───── Record extracts

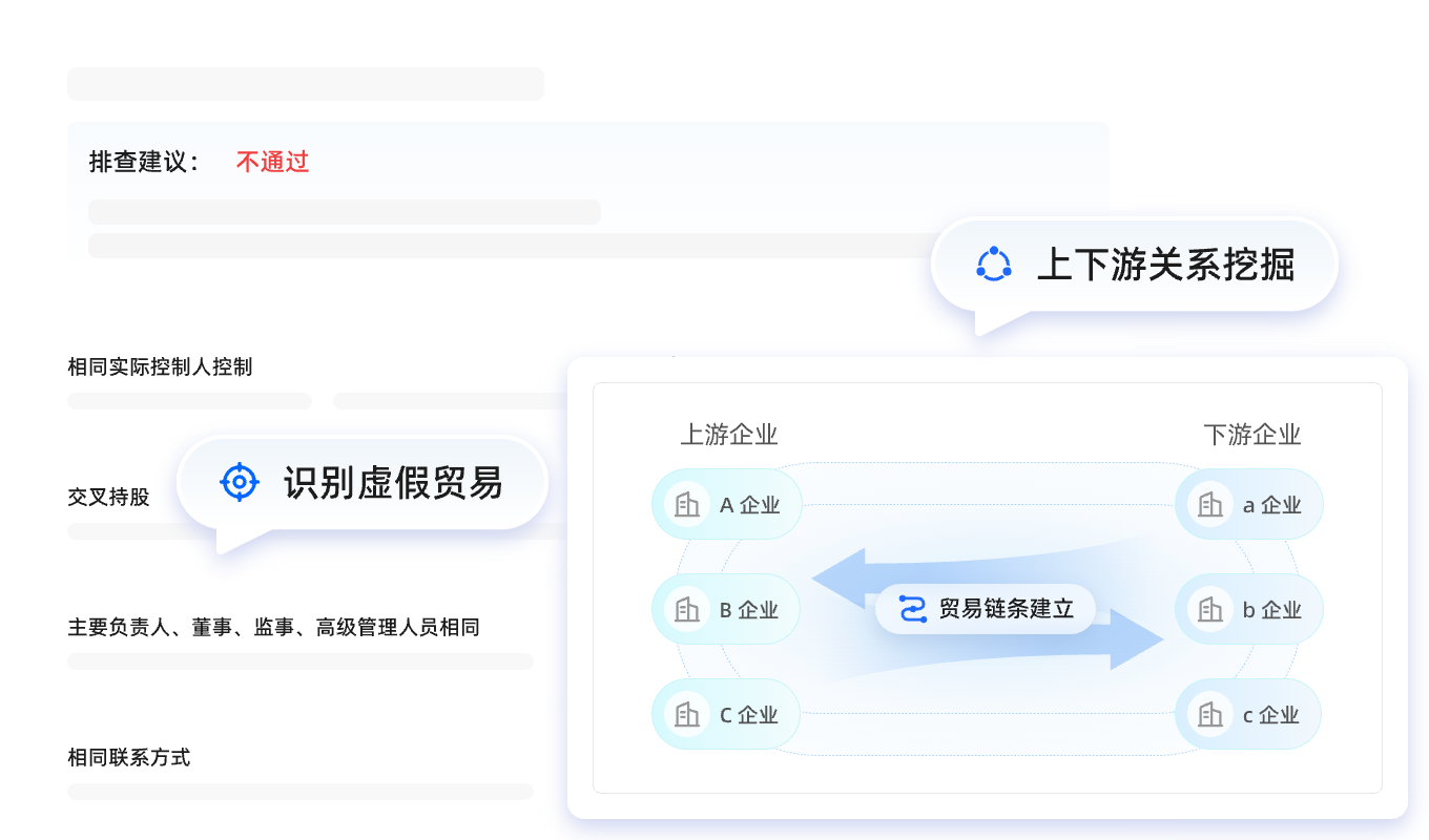 排查合作伙伴之间的交叉持股、控制关系、相同人员以及相同经营地址、联系方式等关联关系,识别潜在虚假贸易的可能性
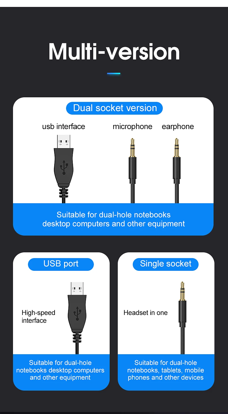 2. nenhum som surround 7.1: conector de 2*3.5mm, 1deles para som, 1 deles para microfone. Ele também tem uma porta usb para alimentar as luzes led.
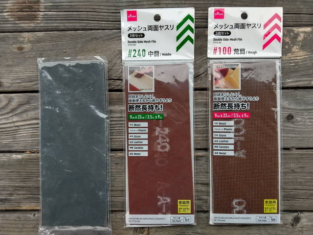 左は先月購入した電動サンダーに付属していた布ヤスリ、右はダイソーで買った、同じ大きさのメッシュ両面ヤスリ3枚入り@110円。
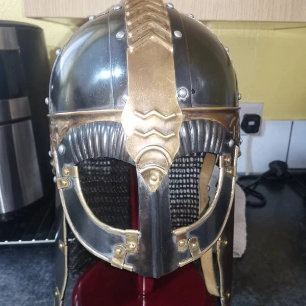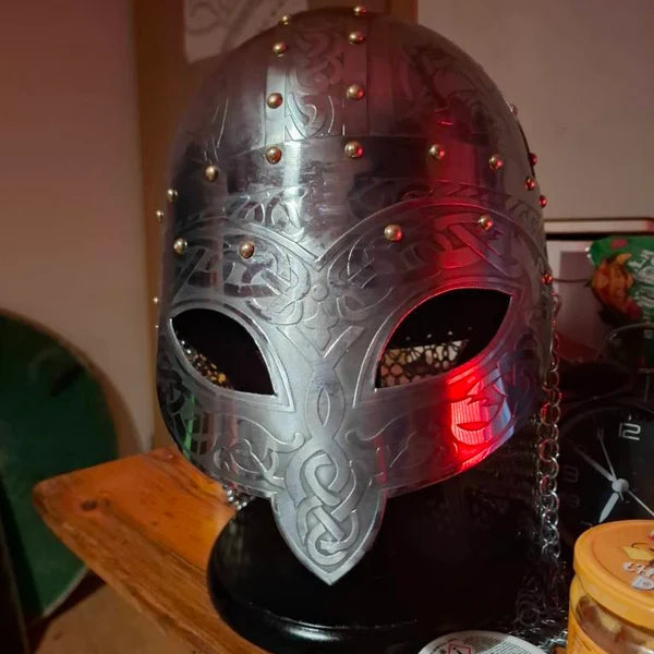 Medieval Viking Etched Steel Helmet with Chainmail – Vendel Era Armor Replica
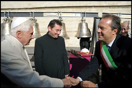 In una splendida giornata di sole, don Franco Di Liddo, parroco fondatore della chiesa di Sant’Andrea, don Mauro Camero, rettore della Concattedrale ed il sindaco della Città di Bisceglie, avv. Francesco Spina, hanno atteso sul sagrato di San Pietro l’arrivo di Benedetto XVI. Il Santo Padre dopo aver benedetto le pregevoli campane, si è intrattenuto in udienza privata, durata oltre mezz’ora, con i prelati e con il Sindaco a cui ha affidato un caro messaggio di saluto e le sue benedizioni per tutti i cittadini biscegliesi. «L’incontro con Sua Santità Benedetto XVI, eminente guida spirituale dell’umanità, ha rappresentato uno dei momenti più intensi della mia esperienza di sindaco», ha commentato l’avv. Francesco Spina
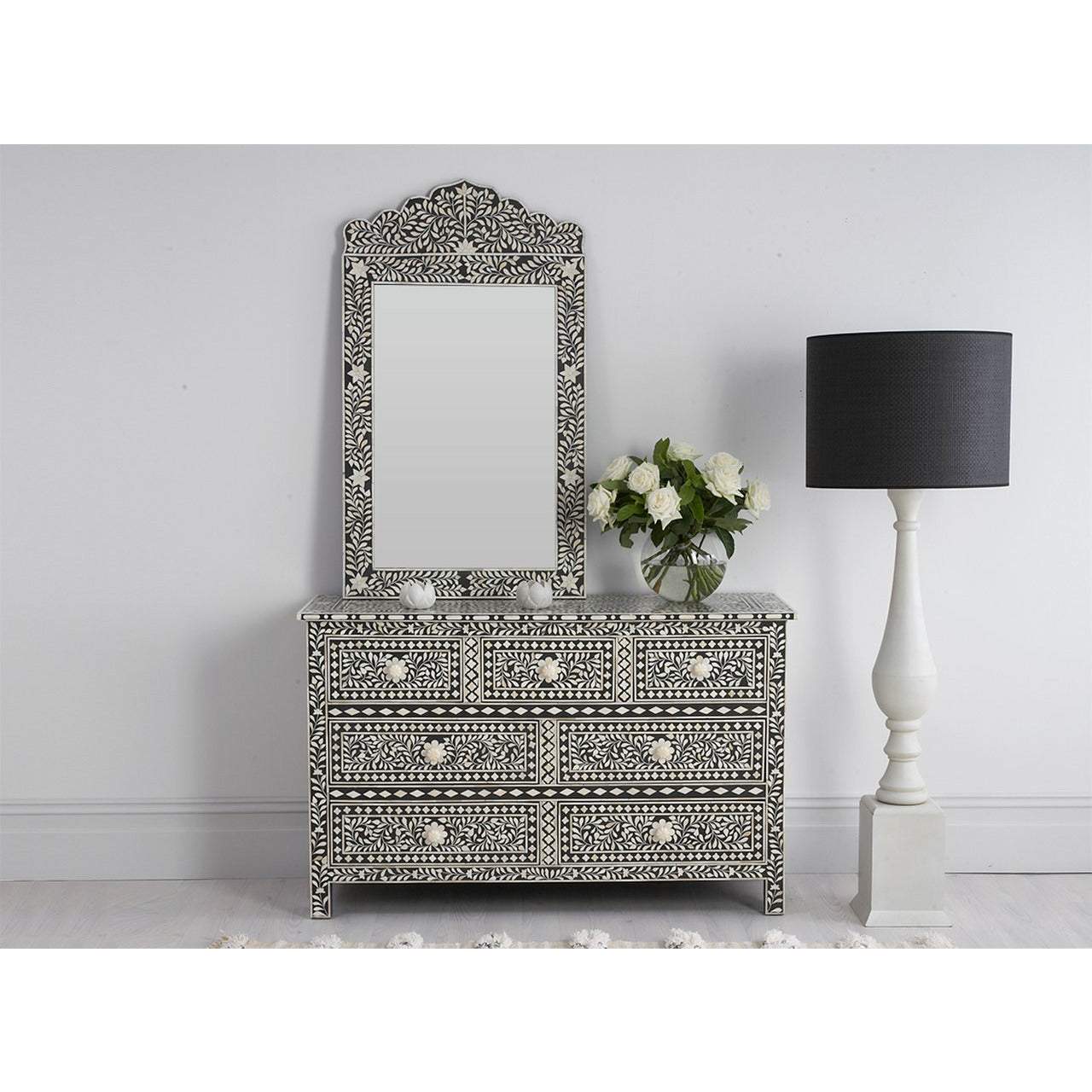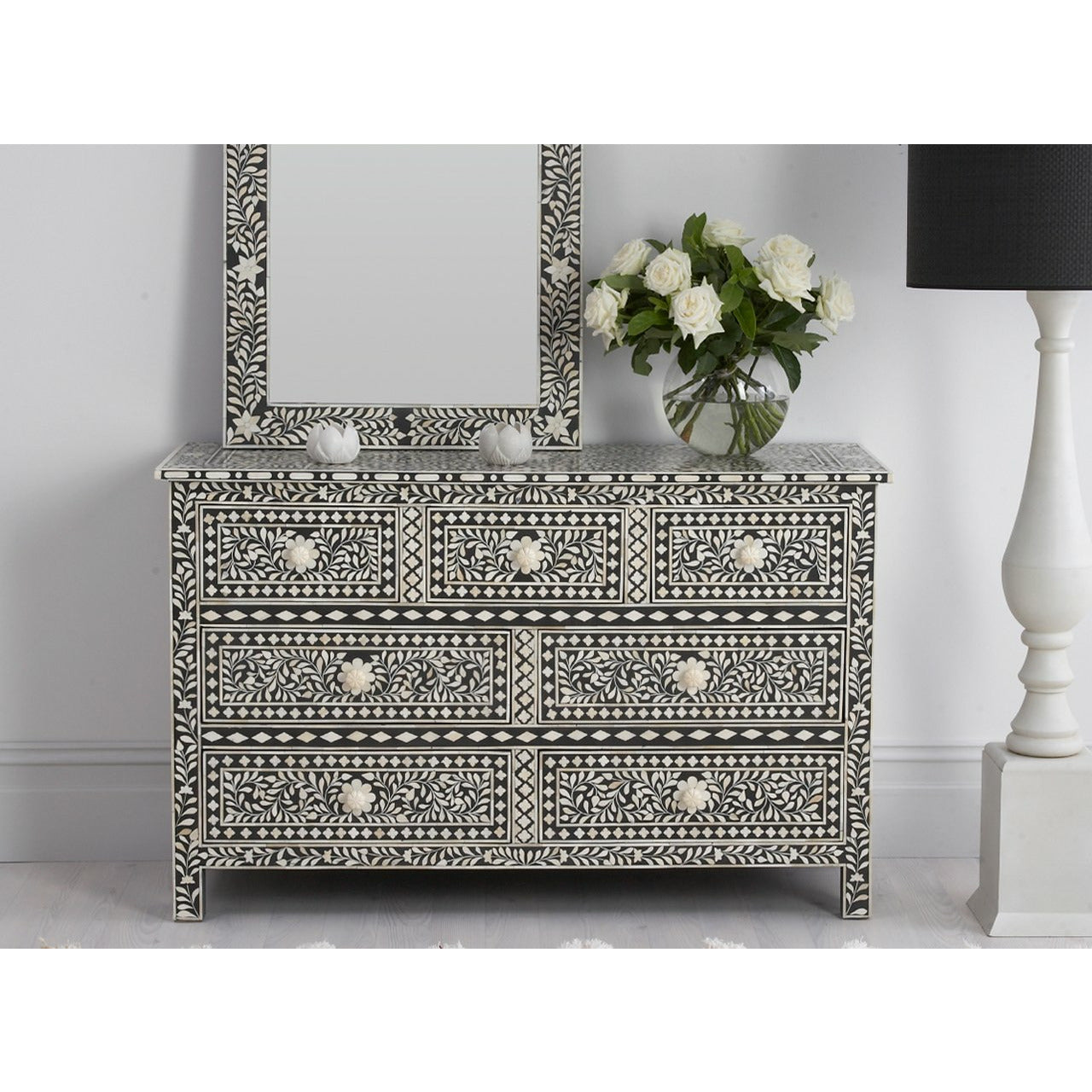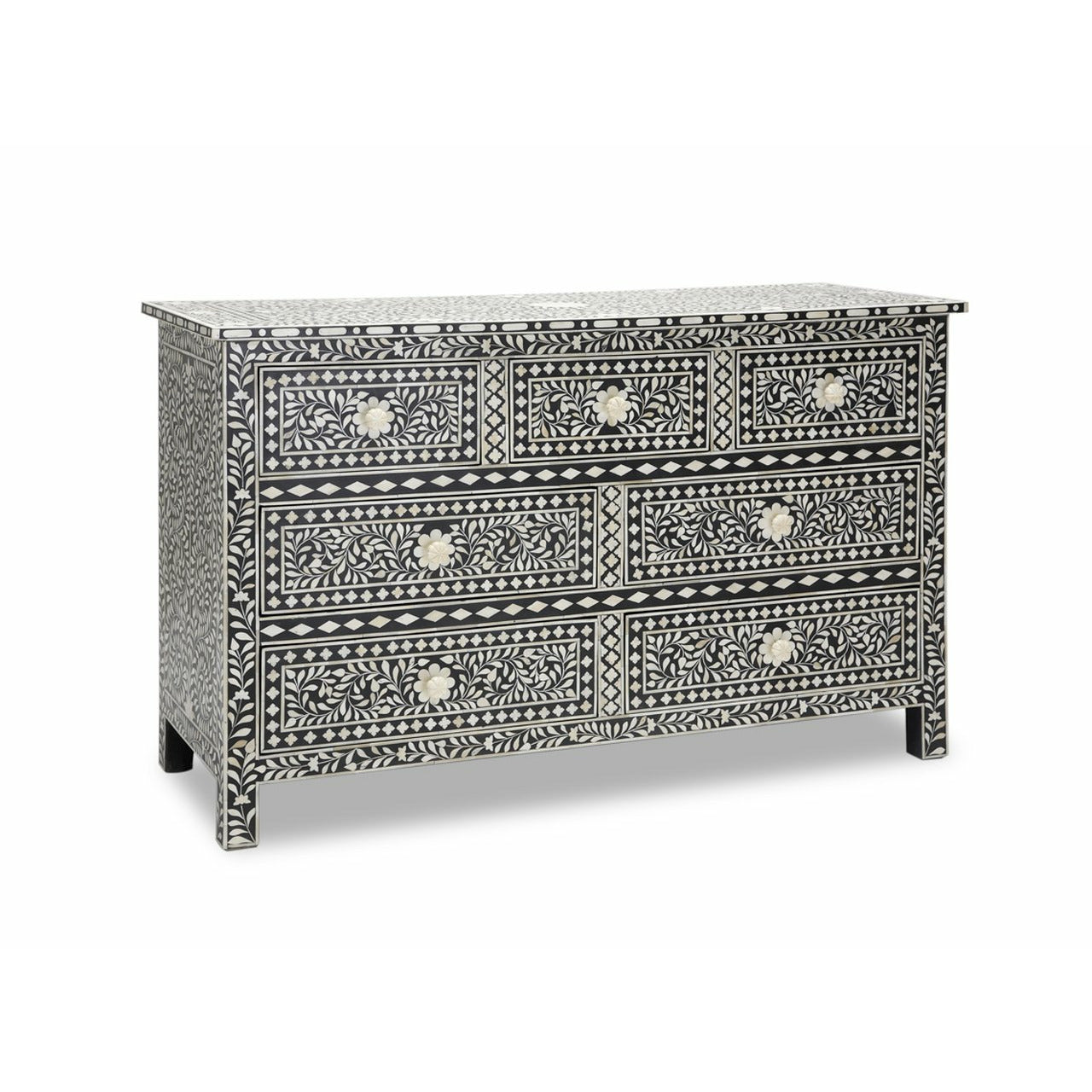 Coorg Big Chest of Drawers - Black Bone Inlay

──────────

■ The problem: Output the records exactly, please. The pictures are not part of the copy.

■ Expected answer:
 排查合作伙伴之间的交叉持股、控制关系、相同人员以及相同经营地址、联系方式等关联关系,识别潜在虚假贸易的可能性
 2. nenhum som surround 7.1: conector de 2*3.5mm, 1deles para som, 1 deles para microfone. Ele também tem uma porta usb para alimentar as luzes led.
 左は先月購入した電動サンダーに付属していた布ヤスリ、右はダイソーで買った、同じ大きさのメッシュ両面ヤスリ3枚入り@110円。
 Medieval Viking Etched Steel Helmet with Chainmail – Vendel Era Armor Replica
 In una splendida giornata di sole, don Franco Di Liddo, parroco fondatore della chiesa di Sant’Andrea, don Mauro Camero, rettore della Concattedrale ed il sindaco della Città di Bisceglie, avv. Francesco Spina, hanno atteso sul sagrato di San Pietro l’arrivo di Benedetto XVI. Il Santo Padre dopo aver benedetto le pregevoli campane, si è intrattenuto in udienza privata, durata oltre mezz’ora, con i prelati e con il Sindaco a cui ha affidato un caro messaggio di saluto e le sue benedizioni per tutti i cittadini biscegliesi. «L’incontro con Sua Santità Benedetto XVI, eminente guida spirituale dell’umanità, ha rappresentato uno dei momenti più intensi della mia esperienza di sindaco», ha commentato l’avv. Francesco Spina
 Coorg Big Chest of Drawers - Black Bone Inlay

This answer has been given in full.